---------- SUPPLIED INFORMATION
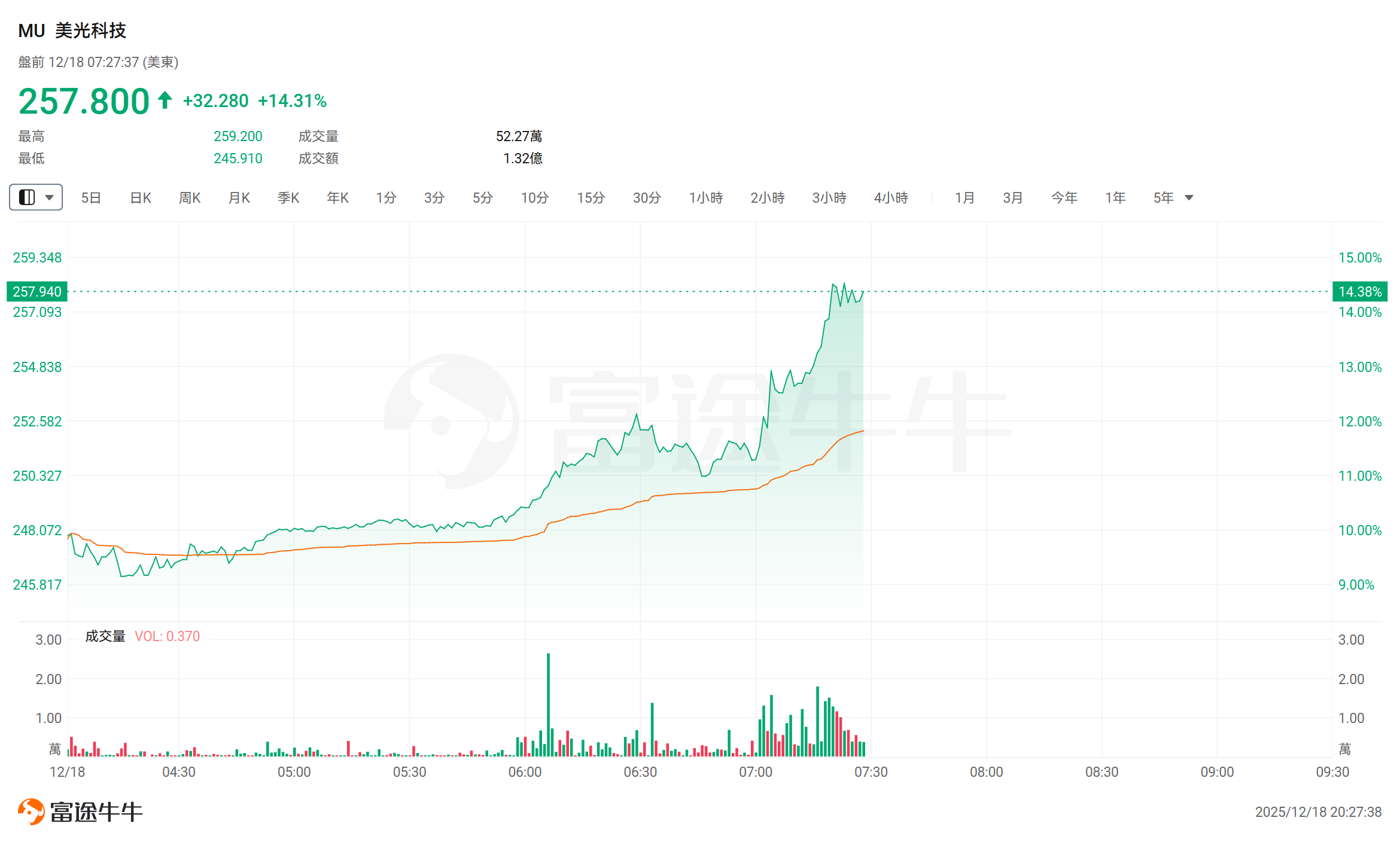 周四盘前,美国11月CPI发布前夕, $美光科技(MU.US)$ 财报提振科技股乐观情绪,三大期指持续走高,道指期货涨0.24%,纳指期货涨0.79%,标普500期货涨0.46%。
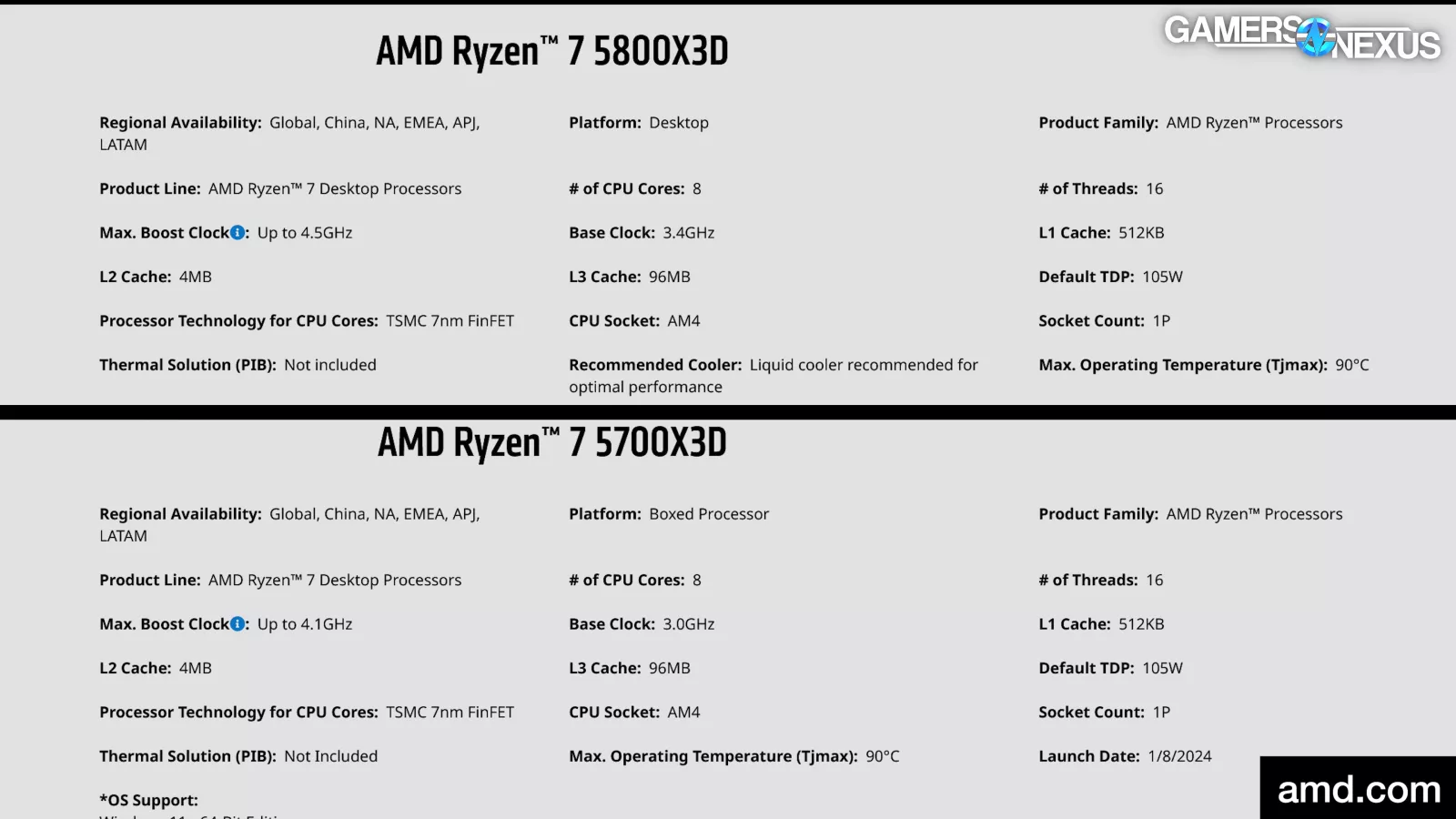 We’ll benchmark the 5700X3D and focus on the comparison against the 5800X3D (watch our review). We’ve been good with recommending the 5800X3D mostly since it launched, as it’s been one of the most competitive gaming chips. For brand new builds, it has lost some viability to new platforms, but particularly for existing owners of AM4 motherboards, these X3D CPUs offer the best option for a last-chance upgrade before moving to a new socket altogether.
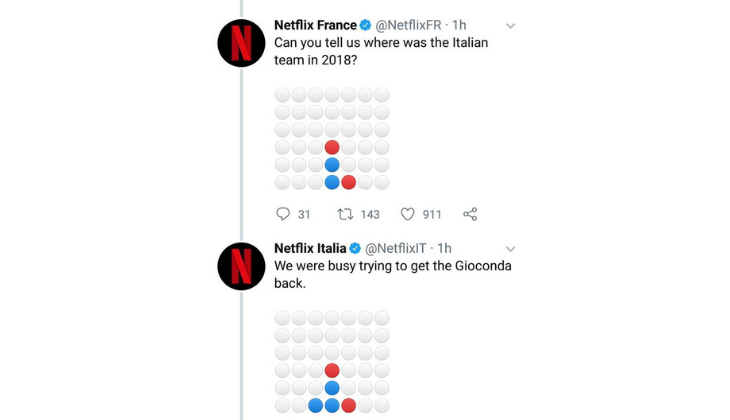 Netflix Italia e Netflix Francia per celebrare l’anniversario della finale del 2006 si sono sfidati a Forza Quattro su twitter accompagnando ogni mossa con frasi divertenti e qualche consiglio su film da vedere.
--------------------
Please return the lines above exactly, with the pictures omitted.

 周四盘前,美国11月CPI发布前夕, $美光科技(MU.US)$ 财报提振科技股乐观情绪,三大期指持续走高,道指期货涨0.24%,纳指期货涨0.79%,标普500期货涨0.46%。
 We’ll benchmark the 5700X3D and focus on the comparison against the 5800X3D (watch our review). We’ve been good with recommending the 5800X3D mostly since it launched, as it’s been one of the most competitive gaming chips. For brand new builds, it has lost some viability to new platforms, but particularly for existing owners of AM4 motherboards, these X3D CPUs offer the best option for a last-chance upgrade before moving to a new socket altogether.
 Netflix Italia e Netflix Francia per celebrare l’anniversario della finale del 2006 si sono sfidati a Forza Quattro su twitter accompagnando ogni mossa con frasi divertenti e qualche consiglio su film da vedere.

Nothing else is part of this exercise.